TASK TO CARRY OUT:
Output the listing verbatim, leaving out every picture.

DATA SHOWN: Begin

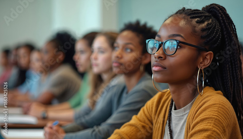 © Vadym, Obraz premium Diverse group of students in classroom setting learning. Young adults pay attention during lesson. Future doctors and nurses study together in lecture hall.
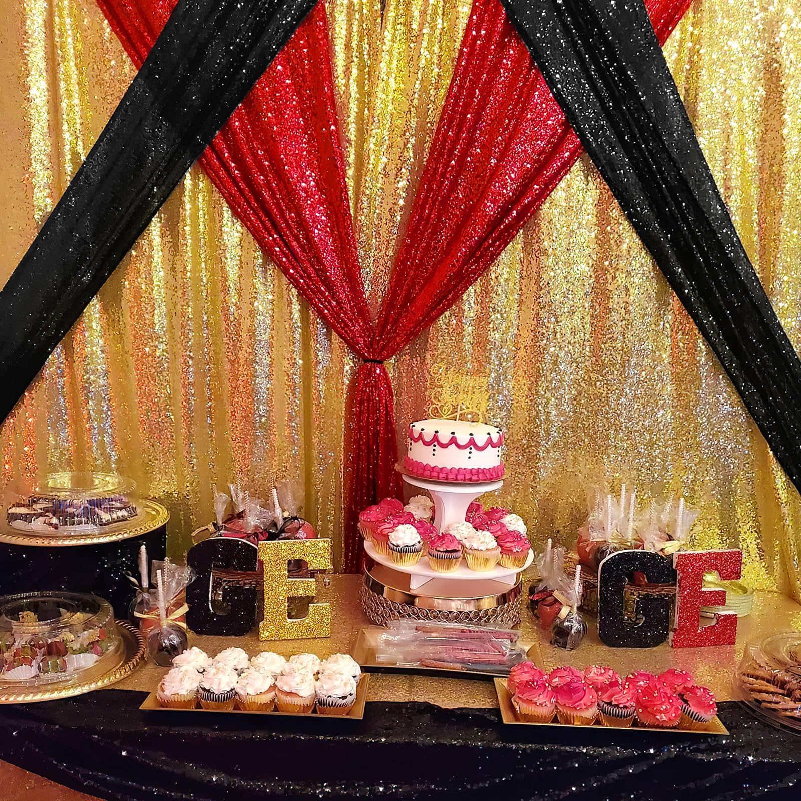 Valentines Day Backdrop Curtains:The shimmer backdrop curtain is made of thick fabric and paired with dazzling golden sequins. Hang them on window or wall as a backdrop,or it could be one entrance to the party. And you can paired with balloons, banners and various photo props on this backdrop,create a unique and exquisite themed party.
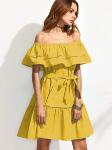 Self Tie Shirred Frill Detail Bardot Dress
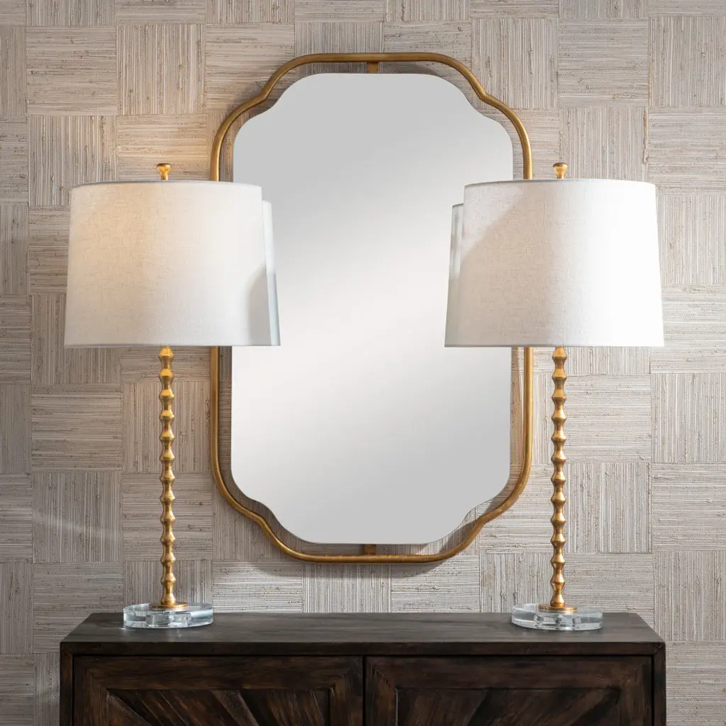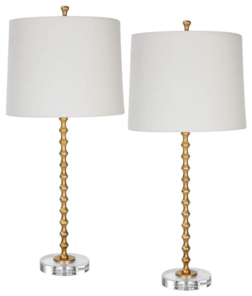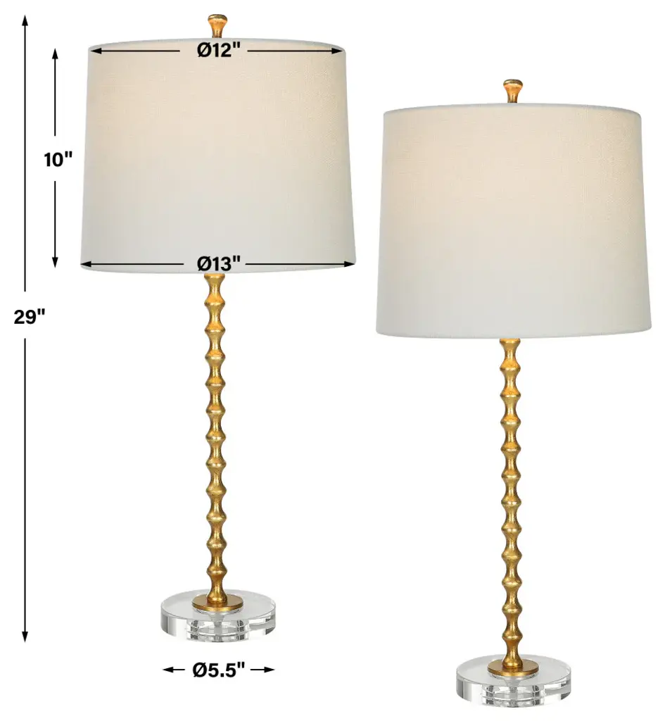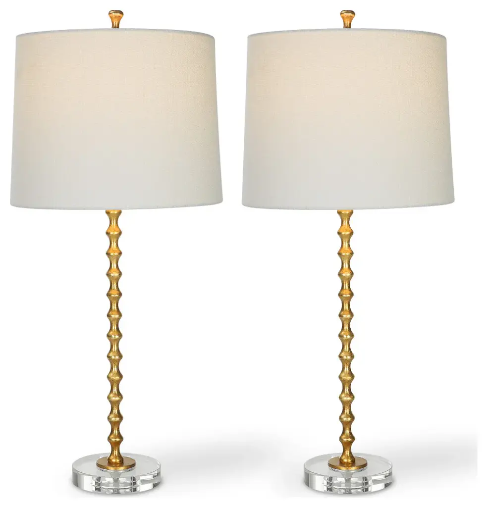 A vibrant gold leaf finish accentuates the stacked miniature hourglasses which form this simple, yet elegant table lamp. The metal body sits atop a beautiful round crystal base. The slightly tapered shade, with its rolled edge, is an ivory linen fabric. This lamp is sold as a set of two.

DATA SHOWN: End

WRITTEN SOLUTION:
 © Vadym, Obraz premium Diverse group of students in classroom setting learning. Young adults pay attention during lesson. Future doctors and nurses study together in lecture hall.
 Valentines Day Backdrop Curtains:The shimmer backdrop curtain is made of thick fabric and paired with dazzling golden sequins. Hang them on window or wall as a backdrop,or it could be one entrance to the party. And you can paired with balloons, banners and various photo props on this backdrop,create a unique and exquisite themed party.
 Self Tie Shirred Frill Detail Bardot Dress
 A vibrant gold leaf finish accentuates the stacked miniature hourglasses which form this simple, yet elegant table lamp. The metal body sits atop a beautiful round crystal base. The slightly tapered shade, with its rolled edge, is an ivory linen fabric. This lamp is sold as a set of two.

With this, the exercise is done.